Reading back what I've written I feel sure I've blundered here and there. I'm writing from memory with minimal fact-checking (it's a blog, not a thesis). Feel free to correct me or just plain disagree. But am I wholly wrong in seeing parallels between the lives, literary endeavours, and world-views of Tentacle Boy and Narrow Boat Bloke?

And will my tragically undisciplined mind ever stop inventing silly nicknames for serious authors?

6 comments:

Timmy Crabcakes said...

I love the writing of both those guys. They seem to me to be very complementary flavors of weird.

Aonghus Fallon said...

I'd regard Aickman as by far the better writer, but then I've read very little Lovecraft. Each to his own, I guess.

John Howard said...

Much enjoyed these comparisons between Aickman and Lovecraft - intriguing and thought-provoking. I would certainly enjoy reading stories by both authors in the same book! They are both among the greatest writers in the field, and as has been said, can be considered 'complementary flavours'.

Anonymous said...

Regarding Lovecraft's conservatism there is an interview with him on Youtube, I expect you've seen it, where he says he's a supporter of Roosevelt and the New Deal, was he taking the piss perhaps ? Mind you some of us would say that the New Deal was deeply reactionary in the way that it damaged the American economy but let's not go there !

Interesting that Tom Rolt also a leading light in the attempt to revitalise the canals also wrote ghost stories.

Thornavis

valdemar said...

Aonghus - I'd agree that Aickman is the better writer in terms that would be instantly grasped by, say, a Booker Prize committee.
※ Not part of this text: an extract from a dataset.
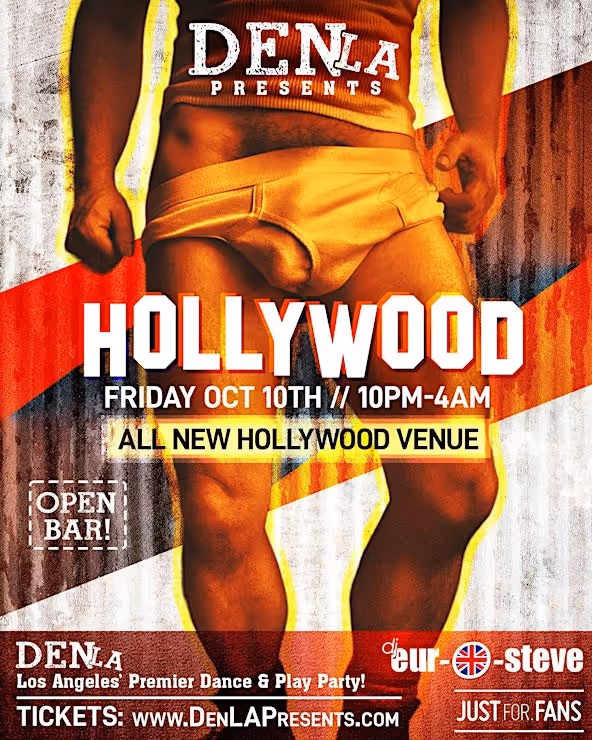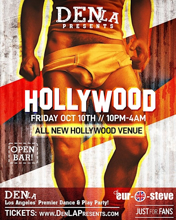 DenLA is Back! At a brand new Hollywood Venue. Bigger and better than ever! 🥃 Open Bar 🎧 DJ Eur-O-Steve 🔊 Fierce Lighting & Sound 🧥 Free Clothes Check ⛓ Slings, Darkrooms & Sex Furniture 💆🏻♂ Massage Masters 😈 Hot Men

Arguably it's precisely the 'bad' qualities in Lovecraft that make him more influential i.e. less mainstream.

John - I like anthologies with wildly differing styles and story ideas. Great Tales of Horror-type things are often refreshing precisely because they cover all bases.
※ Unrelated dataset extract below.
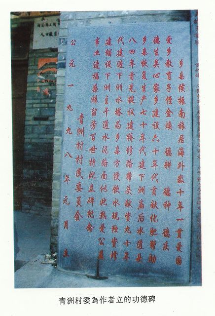 一九九八年,侯先生回国参加水泥公路竣工典礼,热情的乡亲们夹道欢迎,披红挂彩,敲锣打鼓,放鞭炮……,青州村村民委会还为他竖立了石碑作永久的纪念。侯先生他这一生过得很有意义,无怨无悔。他也把这些丰功伟迹的录像寄到缅甸让我分享。

Thornavis - I think HPL did support the New Deal. He was very contemptuous of those who opposed it.

“As for the Republicans -- how can one regard seriously a frightened, greedy, nostalgic huddle of tradesmen and lucky idlers who shut their eyes to history and science, steel their emotions against decent human sympathy, cling to sordid and provincial ideals exalting sheer acquisitiveness and condoning artificial hardship for the non-materially-shrewd, dwell smugly and sentimentally in a distorted dream-cosmos of outmoded phrases and principles and attitudes based on the bygone agricultural-handicraft world, and revel in (consciously or unconsciously) mendacious assumptions (such as the notion that real liberty is synonymous with the single detail of unrestricted economic license or that a rational planning of resource-distribution would contravene some vague and mystical 'American heritage'...) utterly contrary to fact and without the slightest foundation in human experience? Intellectually, the Republican idea deserves the tolerance and respect one gives to the dead.”

Anonymous said...

Rather a confused rant from HP there, probably had his mind invaded by the Migo or something.
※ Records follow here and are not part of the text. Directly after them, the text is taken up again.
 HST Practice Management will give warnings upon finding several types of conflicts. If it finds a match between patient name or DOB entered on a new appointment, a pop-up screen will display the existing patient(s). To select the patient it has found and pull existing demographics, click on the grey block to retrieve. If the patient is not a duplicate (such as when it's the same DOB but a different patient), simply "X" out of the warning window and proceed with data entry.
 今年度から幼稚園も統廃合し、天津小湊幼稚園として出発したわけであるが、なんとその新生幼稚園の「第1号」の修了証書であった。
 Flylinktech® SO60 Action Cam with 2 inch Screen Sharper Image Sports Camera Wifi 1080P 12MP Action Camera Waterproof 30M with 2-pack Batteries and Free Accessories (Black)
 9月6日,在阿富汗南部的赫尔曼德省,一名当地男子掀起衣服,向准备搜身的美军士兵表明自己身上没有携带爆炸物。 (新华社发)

Of course conservatism is a rather nebulous thing to define, progressives can be very conservative and there's certainly nothing inherently contradictory between belief in state intervention and antisemitism.

Certainly I always thought of Lovecraft as very reactionary, something I somehow picked up on even at the young age that I first read him, about 14. Almost Nazi like in his contempt for humanity,
not a nice man but an excellent writer.